I think this is an unfair comparison! I wouldn't dream of developing a
numerical application in Python without using prebuilt numerical libraries
and data objects such as dictionaries and lists.

I have been experimenting with numerical algorithms in Python with a heavy
use of the Numeric module. My experience is that Python is quite fast in
comparison with (and sometimes as fast as) traditional languages such as C
or C++.

The greatest advantage of Python is the great increase in productivity and
the generation of a much smaller number of bugs due to the very clean and
compact structure Python invites you to produce. Sometimes it amazes me how
fast I can produce a working algorithm in Python. The step from an
algorithmic outline on a paper to a working code is very short. The
interactive nature of the Python console invites numerical experimentation
and data exploration.
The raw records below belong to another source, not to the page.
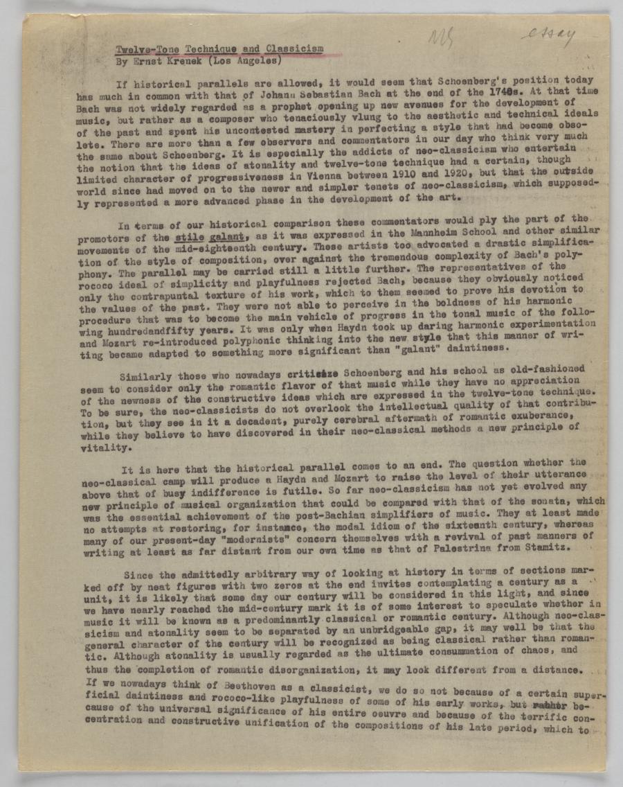In diesem Kontext entstand dieser Vortrag, der historische Parallelen zwischen den jeweils unterschiedlichen aber zeitgleichen kompositorischen Ausprägungen von J S Bachs Spätwerk und dem „stile galante“ der Mannheimer Schule, bzw. von A Schönbergs Zwölftonkomposition und dem Neoklassizismus. Krenek argumentiert für die Langlebig- und Entwicklungsfähigkeit der Zwölftontechnik, die potentiell zu einem neuen Klassizismus führen kann, im Gegensatz zum Neoklassizismus, dem Krenek trotz seiner damals aktuellen Popularität nur als Modetrend einschätzt.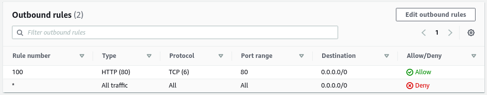 Các outbound rule định nghĩa các traffic nào được phép truy cập từ bên trong subnet ra ngoài, mỗi rule cũng chứa các thành phần giống với inbound rule.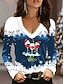 Vánoce Dámské Tričko Grafika Vánoce Sklenice na víno Vinobraní stylové Klasické Dlouhý rukáv Do V Běžné topy Denní Tisk Černá Vodní modrá Trávová zelená Jaro Podzim Zima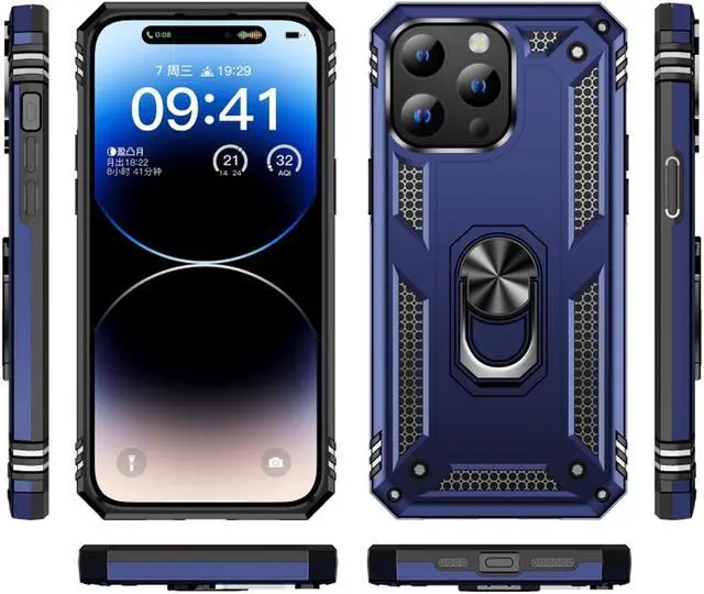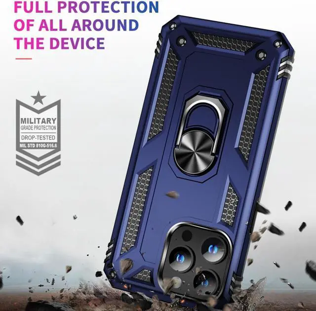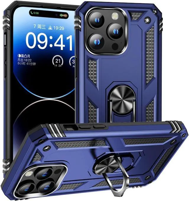 Features: Compatible with Apple iPhone 15 Pro. Military Standard Shock Test MIL-STD 810G- 516.6 Protection. The case endured 26 drops (at 48in) on all 6 faces, 12 edges and 8 corners of the device and sustained zero damage to the appearance and internal hardware of the phone itself. Made from a special strong and lightweight durable material, providing you with long lasting protection for your smartphone without making it cumbersome. Ring holder for extra drop protection - in more ways than one. The built-it ring features a 180 and 360 degree rotating design to ensure a comfortable grip at any angle. Flip the ring out and it doubles as a kickstand to take your binge-watching experience to the next level. Unique mix material hybrid design.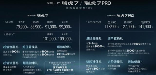 2020年3月9日,全新一代奇瑞瑞虎7 (配置|询价)/瑞虎7 PRO正式上市,售价区间为7.99-14.19万元。新车定位为紧凑型SUV,主打“健康、新潮、极致、智能”。购车还可以享受诸多金融优惠政策,包括置换补贴、发动机10年或100万公里超长延保、基础流量终身免费、“N95医学级”防病菌高效空调滤芯终身免费更换等。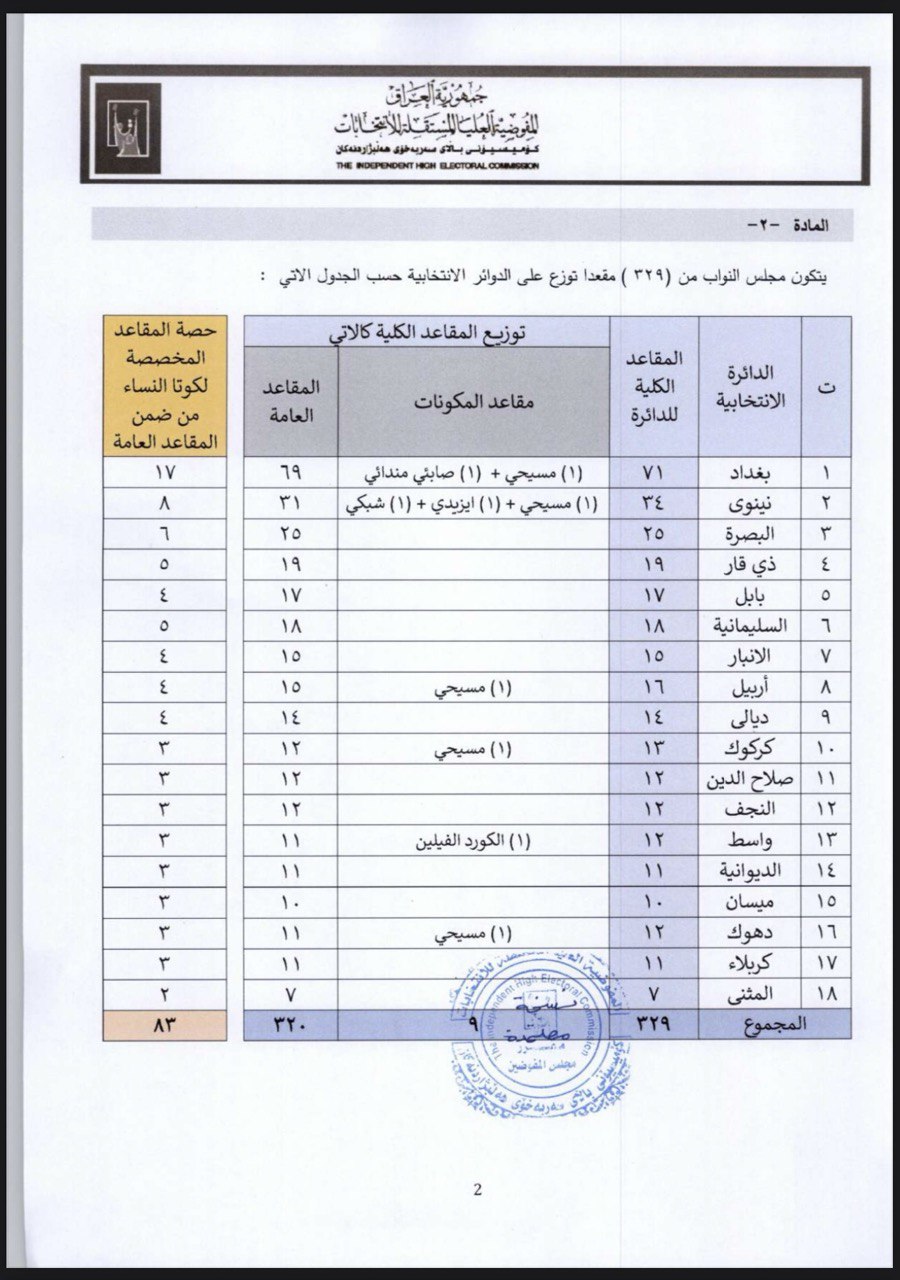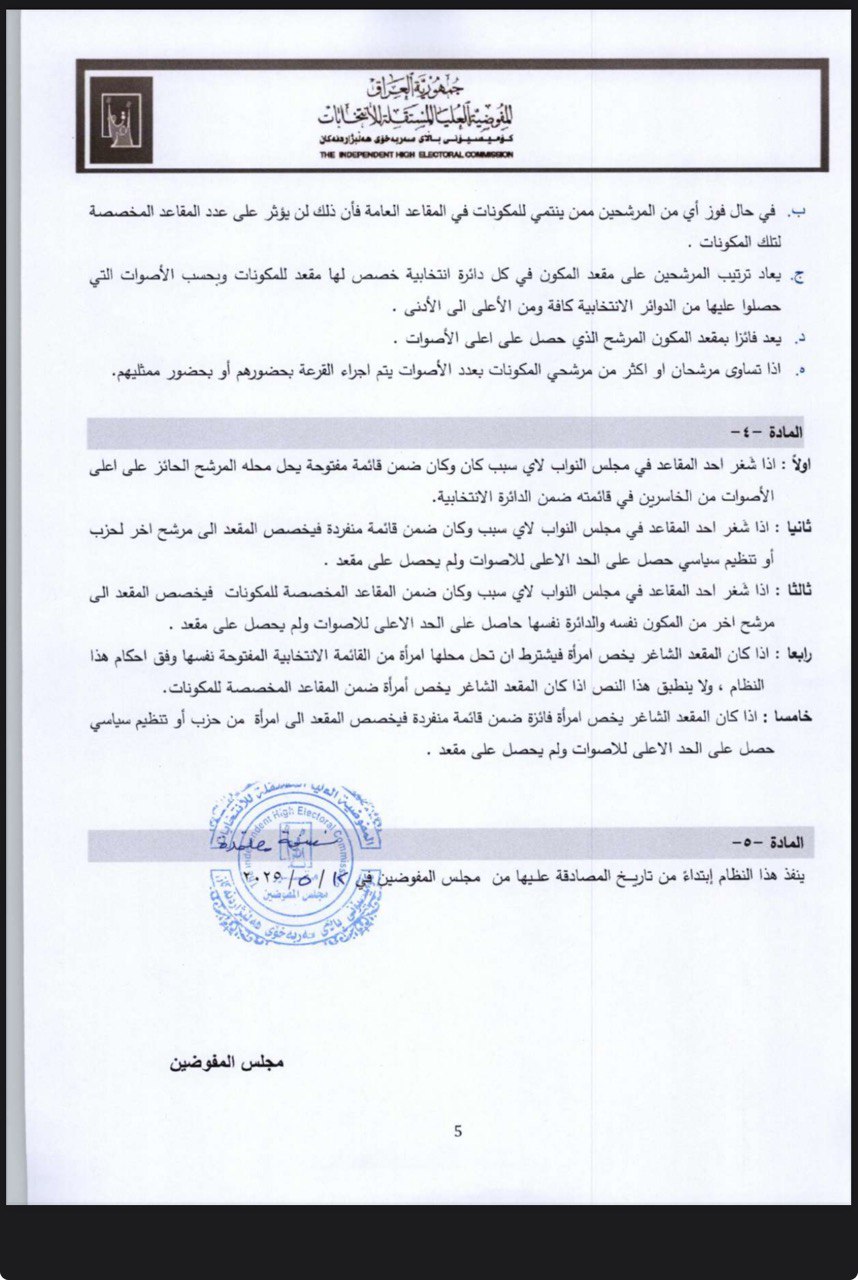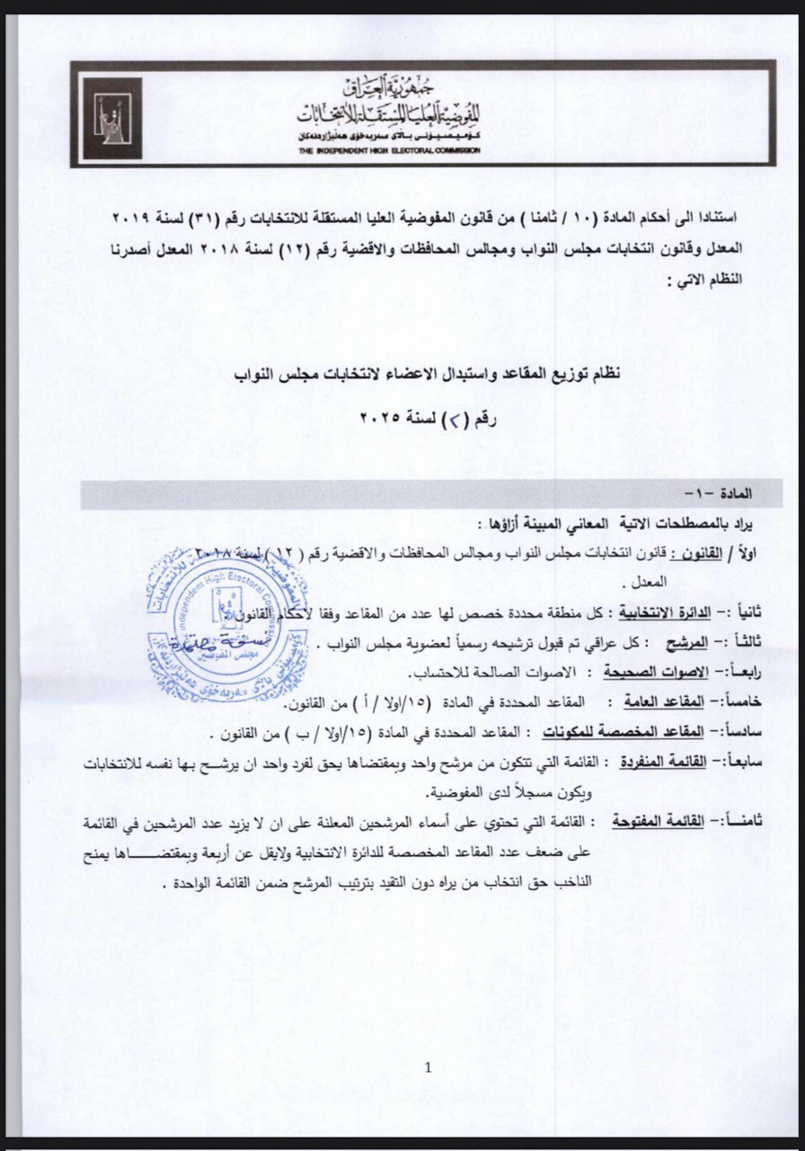 نظام توزيع المقاعد واستبدال الاعضاء لانتخابات مجلس النواب رقم (2) لسنة 2025

This wasn't mentioned in the article, what a pity!

Carl
 
I

Irmen de Jong

Carl said:
"Nine Language Performance Round-up: Benchmarking Math & File I/O"
http://www.osnews.com/story.php?news_id=5602

This benchmark is beaten to pulp in the discussion about it on slashdot.
It's a real stupid benchmark (as most benchmarks are) IMNSHO.

I mean, using python's arbitrary precision long object for 'math'
and comparing it to the other languages' long /machine types/... come on.
And thats just one of the flaws.

--Irmen
 
K

Krzysztof Stachlewski

I have been experimenting with numerical algorithms in Python with a heavy
use of the Numeric module. My experience is that Python is quite fast in
comparison with (and sometimes as fast as) traditional languages such as C
or C++.

With "heavy use of Numeric module" you were calling functions
written in C. So how can you say that Python is fast,
when C code is doing all the work.

Stach
 
S

Samuel Walters

|Thus Spake Krzysztof Stachlewski On the now historical date of Fri, 09
Jan 2004 22:13:58 +0100|
With "heavy use of Numeric module" you were calling functions written in
C. So how can you say that Python is fast, when C code is doing all the
work.

Because python works best as a glue layer coordinating outside libraries
and functionality. I think the true strength of python comes from a
one-two punch of "Fast and pretty implementation with easy interface to
lower level tools." When python is not the right tool, we code our
solution with the right tool and then use python to glue all the right
tools together. For numerical processing, C is the right tool, but python
is not. Therefore, noone tried to use the wrong tool, they just used the
right tool and gave it python bindings so that python could act as a
coordinator.

I read the benchmark and I think it doesn't measure python in it's target
area. That's like taking a world-class marathon runner and wondering why
he doesn't compete well in a figure-skating event.

Sam Walters.
 
J

JanC

Krzysztof Stachlewski said:
With "heavy use of Numeric module" you were calling functions
written in C. So how can you say that Python is fast,
when C code is doing all the work.

I think all (or at least most) of the tested compilers, VMs, etc. were
written in C/C++, and thus are using libraries written in C/C++...
 
J

Jeff Epler

numarray is probably the perfect example of getting extremely good
performance from a few simple constructs coded in C. (numarray-0.8 is
less then 50k lines of C code, including comments and blank lines, so
it's also very simple given the amount of "bang" it provides)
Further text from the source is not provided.